AIM OF THE TASK — Restate, in full and unchanged, the entries that follow, but not their pictures.

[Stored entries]
- - - - -
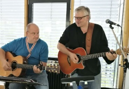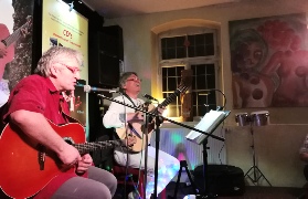 Hans Wild, gelernter Konditor und seit über 30 Jahren als Kleinkunstkneipen-Wirt und Musikus auf allerlei Bühnen zu gange, hat stets einen flotten, passenden Song parat und musikalische Freunde, die ihm zur Seite stehen wenns drauf ankommt.
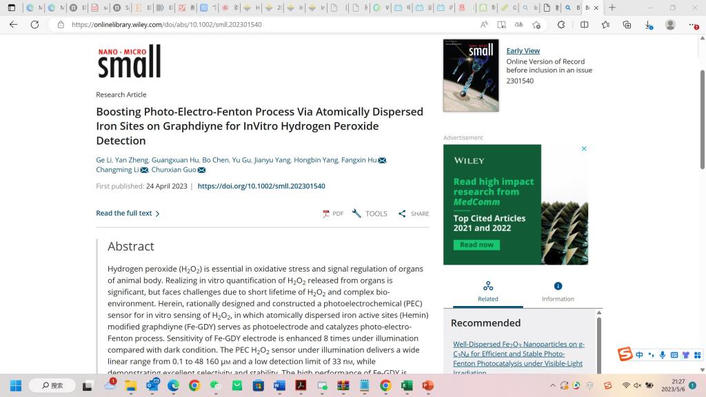 近日,15VIP太阳集团生化传感团队在《Small》 (IF: 15.153) 期刊上发表论文,题目为 “Boosting Photo-Electro-Fenton Process Via Atomically Dispersed Iron Sites on Graphdiyne for in Vitro Hydrogen Peroxide Detection”。研究生李鸽为第一作者,胡芳馨副教授、李长明教授、郭春显教授为共同通讯作者。
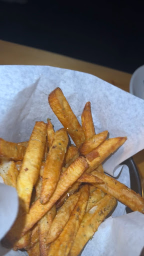 First time here we rated all of our food 10/10 My partner got the Wild salmon with a side of Asparagus and I got the Pear salad with Chicken and a side of Fries with truffle salt.
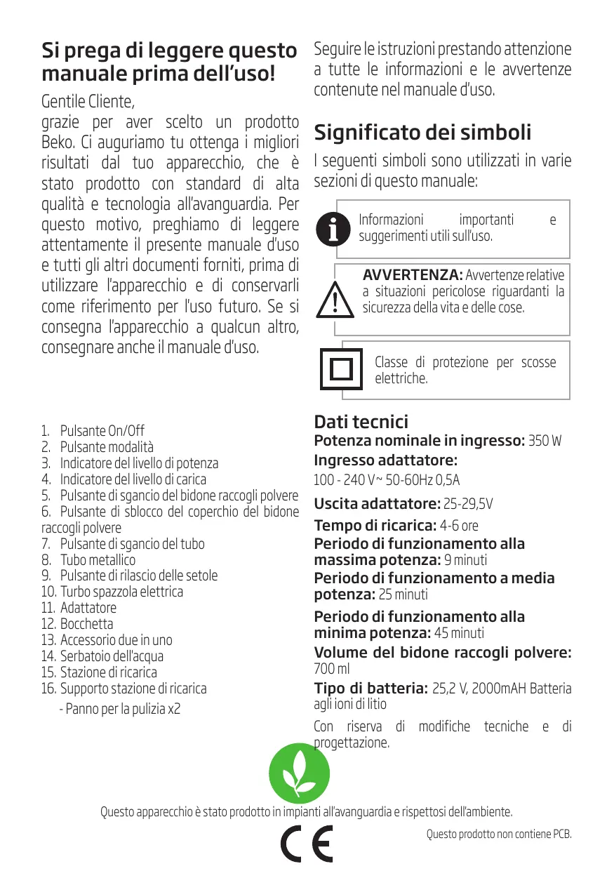 Période de fonctionnement à puissance minimum: 45 minutes Volume du bac à poussière : 700 ml Type de batterie: Batterie Li-ion 25,2 V, 2000 mAH Sous réserve de modifications techniques et de conception.
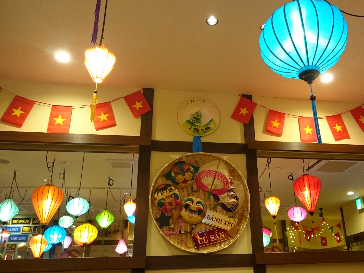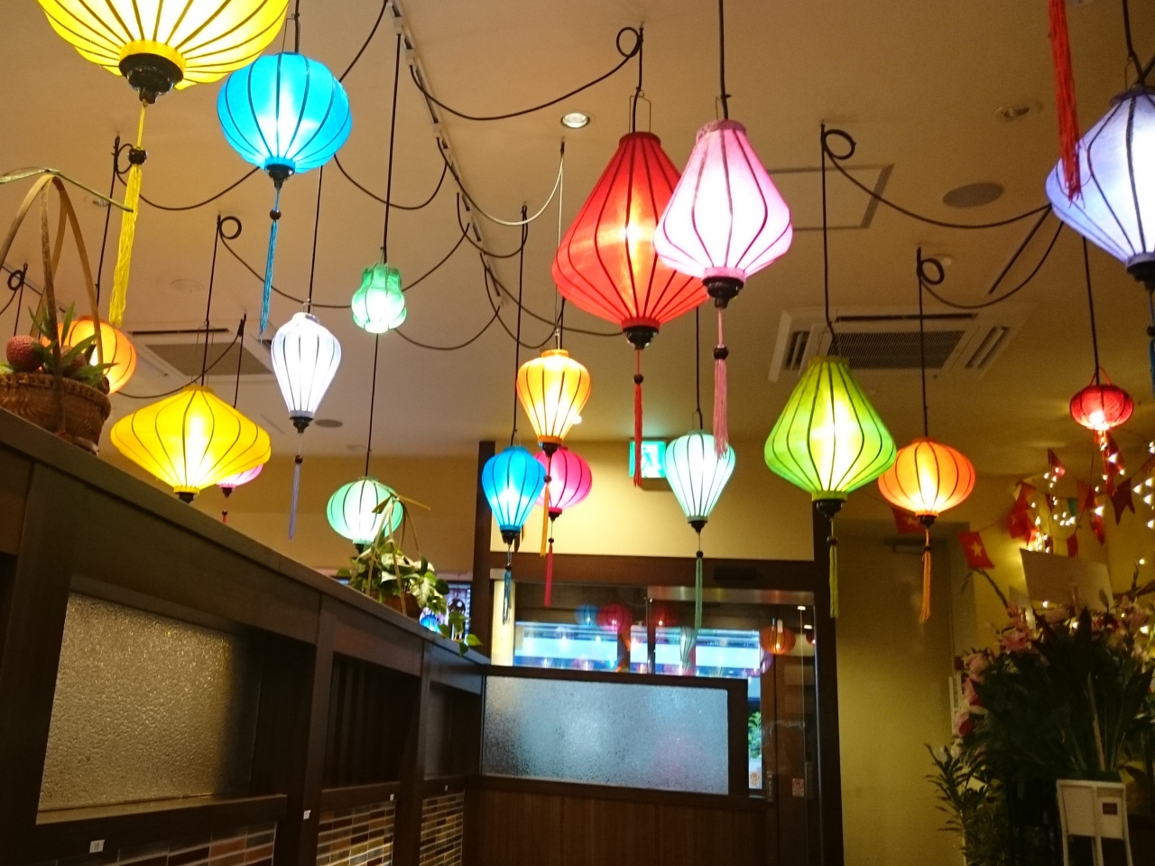 いろとりどりの提灯が、ベトナムのホイアンさながらの店内は、わくわくする感じがあります。
- - - - -
SOLUTION FOR THIS PROBLEM —
 Hans Wild, gelernter Konditor und seit über 30 Jahren als Kleinkunstkneipen-Wirt und Musikus auf allerlei Bühnen zu gange, hat stets einen flotten, passenden Song parat und musikalische Freunde, die ihm zur Seite stehen wenns drauf ankommt.
 近日,15VIP太阳集团生化传感团队在《Small》 (IF: 15.153) 期刊上发表论文,题目为 “Boosting Photo-Electro-Fenton Process Via Atomically Dispersed Iron Sites on Graphdiyne for in Vitro Hydrogen Peroxide Detection”。研究生李鸽为第一作者,胡芳馨副教授、李长明教授、郭春显教授为共同通讯作者。
 First time here we rated all of our food 10/10 My partner got the Wild salmon with a side of Asparagus and I got the Pear salad with Chicken and a side of Fries with truffle salt.
 Période de fonctionnement à puissance minimum: 45 minutes Volume du bac à poussière : 700 ml Type de batterie: Batterie Li-ion 25,2 V, 2000 mAH Sous réserve de modifications techniques et de conception.
 いろとりどりの提灯が、ベトナムのホイアンさながらの店内は、わくわくする感じがあります。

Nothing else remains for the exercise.